Unreal Engine 4 argument parsing behaviour

Now that the standard conventions for parsing command-line arguments have been described, we can examine the specific ways in which Unreal Engine 4 deviates from these conventions.

As of Unreal Engine 4.19.2, command-line argument parsing in the Engine is based around the FCommandLine and FParse classes. The FParse class is designed to be flexible enough for generic data parsing tasks in addition to command-line parsing, and so operates on strings rather than argv-style arrays. In instances where command-line parameters with values need to be parsed (e.g. -ExecCmds=COMMANDS), the FCommandLine::Get() function is called to retrieve the command-line invocation string, which is then parsed by the FParse::Value() function to extract the value. It is from the implementation of this parsing function that the deviation from standard conventions stems.
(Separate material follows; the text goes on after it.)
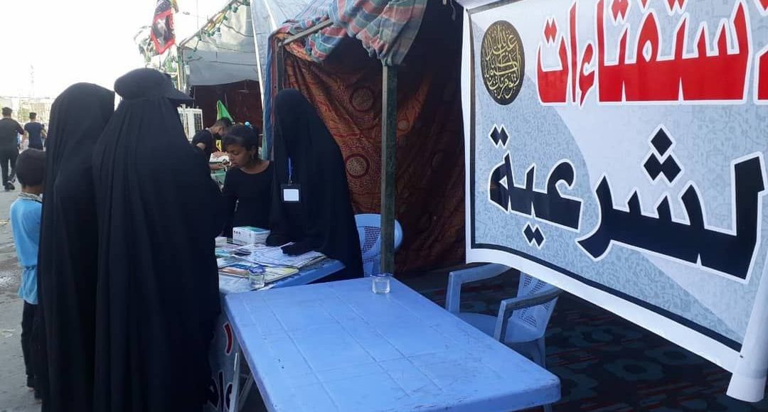 وذلك تلبية لخدمة زائري اربعينية الامام الحسين (ع ) حيث توزعت مهام المبلغات الكريمات بين الاستفتاء للمسائل الشرعية وبين النصح والأرشاد

The current implementation of the FParse::Value() function only considers a parameter value to be quoted if the opening quote appears immediately after the equals sign (login required.) If a quote character does not appear in this exact position, the parameter value is treated as an unquoted string that does not contain any whitespace, and so after skipping any initial whitespace the parser will then halt immediately when it next encounters an instance of a whitespace character. This means that if the opening quote appears at the start of the entire argument (i.e. "-ExecCmds=COMMANDS" instead of -ExecCmds="COMMANDS"), the argument value will end up being truncated.

The fact that this behaviour contradicts standard argument parsing conventions is not a problem in and of itself, since the FParse class is designed to handle generic data processing tasks and this is simply the format that it is designed to consume. Command-line argument handling is merely a layer built on top of this functionality and can simply transform the strings it passes to the underlying parser into the expected format. The problem is that this format conversion is not currently performed under Windows.
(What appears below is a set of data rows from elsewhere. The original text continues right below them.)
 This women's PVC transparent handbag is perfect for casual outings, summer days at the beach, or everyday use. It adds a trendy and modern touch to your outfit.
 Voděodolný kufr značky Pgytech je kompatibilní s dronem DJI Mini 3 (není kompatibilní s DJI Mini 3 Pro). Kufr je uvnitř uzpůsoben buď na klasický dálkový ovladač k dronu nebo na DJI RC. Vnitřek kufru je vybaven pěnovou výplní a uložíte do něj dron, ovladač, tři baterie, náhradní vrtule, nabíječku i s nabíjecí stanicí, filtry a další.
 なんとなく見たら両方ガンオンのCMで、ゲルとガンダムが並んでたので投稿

The Unreal Engine entry points for both macOS (login required) and Linux (login required) reconstruct the command-line invocation string from the values of the argv array, injecting quotes in the relevant locations to ensure the generated strings adhere to the requirements of the FParse class. However, the entry point for Windows (login required) simply retrieves the raw command-line invocation string using the GetCommandLine() function and leaves it unmodified, completely bypassing the standard Windows argument parsing rules and leaving all quote characters in the exact positions where they appeared in the original invocation.
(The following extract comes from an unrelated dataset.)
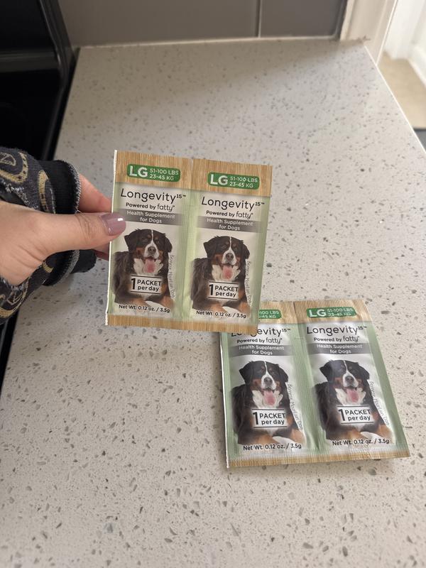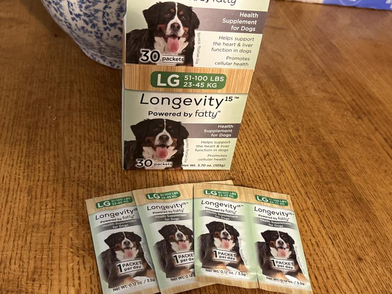 13 year old Sophie is a picky eater and giving her supplements' is difficult to say the least. But Longevity 15 is actually one that she waits to be added to her meal. Not sure if it is helping with her arthritis and stiffness, but she truly seems better in her stamina and attitude. It gives me hope for a longer life.

The end result of this is that command-line parsing under macOS and Linux behaves in exactly the way that users have come to expect, whereas seemingly correct invocations will result in truncated argument values and incorrect behaviour under Windows.

Solution

The solution is for the Windows entry point to simply perform the same transformations that are performed under macOS and Linux. The raw invocation string can be passed to the CommandLineToArgvW() function to retrieve the argc and argv values, which can then be used to build a string suitable for consumption by the FParse class. This brings the command-line behaviour under Windows into line with both the other operating systems and standard argument parsing conventions. I submitted pull request #4812 (login required) which implements this fix, and the patch was subsequently merged in Unreal Engine 4.21.0.

Developers creating tools or Continuous Integration (CI) pipelines that invoke version 4.20.3 or older of the Editor from the command-line will need to ensure that quotes are placed in precisely the right location in order to ensure correct functionality across all operating systems.